## ASSIGNMENT
Skip pictures in the listing below; copy exactly the lines from the one with "获取武器配件,需要庄园中武器" through the one with "[아시아경제 조호윤 기자]AK플라자는", inclusive.

## INPUT MATERIAL
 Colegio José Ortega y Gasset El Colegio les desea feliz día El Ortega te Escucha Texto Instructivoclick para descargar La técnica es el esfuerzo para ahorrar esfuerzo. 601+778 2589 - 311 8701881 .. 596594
...
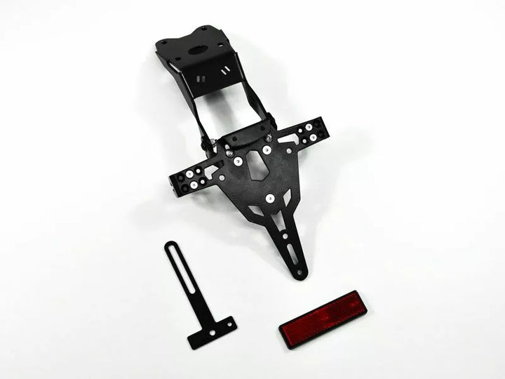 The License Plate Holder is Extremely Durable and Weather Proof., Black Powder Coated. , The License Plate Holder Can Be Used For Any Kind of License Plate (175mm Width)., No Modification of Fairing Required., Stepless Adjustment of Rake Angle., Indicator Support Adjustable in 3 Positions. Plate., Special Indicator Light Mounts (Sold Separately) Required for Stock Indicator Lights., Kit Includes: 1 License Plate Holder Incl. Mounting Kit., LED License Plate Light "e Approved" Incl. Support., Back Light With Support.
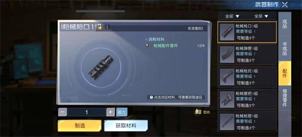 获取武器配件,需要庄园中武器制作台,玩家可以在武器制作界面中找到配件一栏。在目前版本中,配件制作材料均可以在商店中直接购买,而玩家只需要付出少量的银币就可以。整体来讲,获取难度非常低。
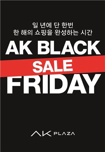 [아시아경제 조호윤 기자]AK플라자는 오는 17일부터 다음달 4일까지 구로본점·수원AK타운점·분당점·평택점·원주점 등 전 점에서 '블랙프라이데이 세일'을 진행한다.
...
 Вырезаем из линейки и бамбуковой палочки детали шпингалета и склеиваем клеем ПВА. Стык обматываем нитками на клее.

## SOLUTION TO THIS PROBLEM
 获取武器配件,需要庄园中武器制作台,玩家可以在武器制作界面中找到配件一栏。在目前版本中,配件制作材料均可以在商店中直接购买,而玩家只需要付出少量的银币就可以。整体来讲,获取难度非常低。
 [아시아경제 조호윤 기자]AK플라자는 오는 17일부터 다음달 4일까지 구로본점·수원AK타운점·분당점·평택점·원주점 등 전 점에서 '블랙프라이데이 세일'을 진행한다.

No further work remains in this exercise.